Такой — с неукротимой жаждой действия — предстает перед нами героиня повести Элеоноры Корниловой «День безделья»; таким же, духовным братом ее — при разности их характеров, но при общности жизненной позиции — выглядит чабан Гигла из рассказа Элисо Заридзе «Чабан». Это люди поступков, люди хорошо сознаваемого собственного достоинства, которое, увы, как важнейшая человеческая черта, вроде бы даже пригасло, «размазалось» при наших пресных и зыбких бытовых и «учрежденческих» связях.

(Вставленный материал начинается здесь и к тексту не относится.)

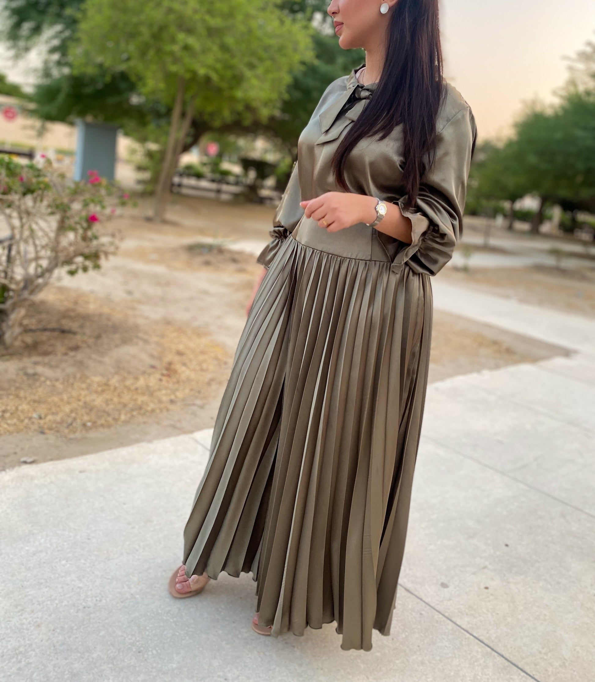 A set of Pleated skirt and top featuring draped bow collar ruffle sleeves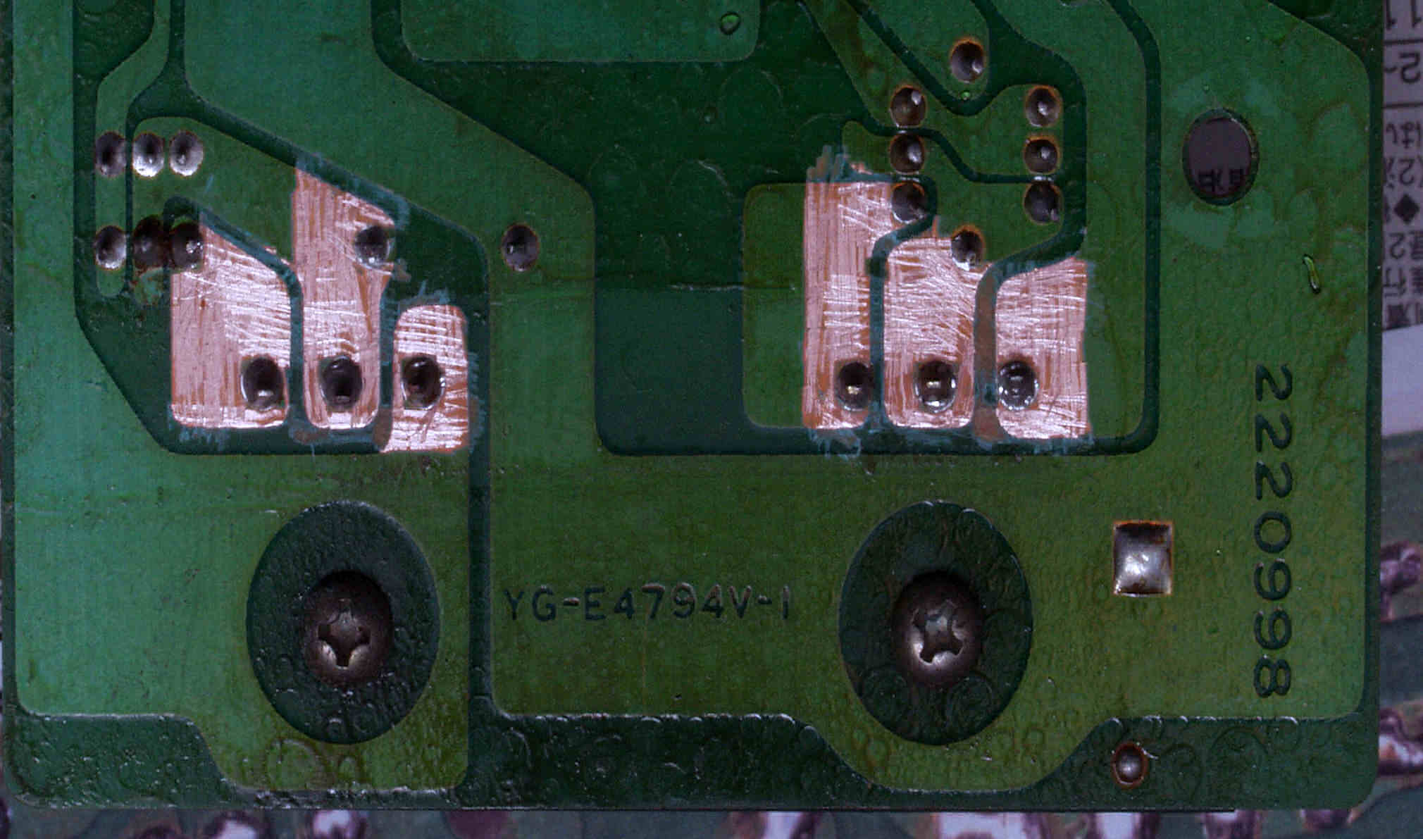 C234. 修理中 EQ−HEAD-AMP基板裏  ハンダ不良ヶ所3

В помпезной суматохе и потребительской суете недавних лет забывалось много непреложных истин, ослабевали и рвались корни, связи той самой высокой духовности, которая вырастает на почве преемственности народных традиций и устоев, держится на исторической памяти, на уважении к национальным авторитетам, — и какие печальные плоды пожинаем на таком вот неухоженном, заброшенном поле, «свидетельствуют» рассказы двадцатитрехлетнего прозаика Петра Куркова «Троллейбус» и опытного белорусского писателя Виктора Карамазова «Городские». В первом, гротесковом, исполненном в манере «фантастического реализма», как раз затрагивается недавнее, из семидесятых годов — как слабы и необязательны стали мы по отношению к своей исторической памяти; в другом же — страстно выплеснулась боль художника: откуда среди нас «безродные» молодые люди, как страшна и убога она, человеческая опустошенность!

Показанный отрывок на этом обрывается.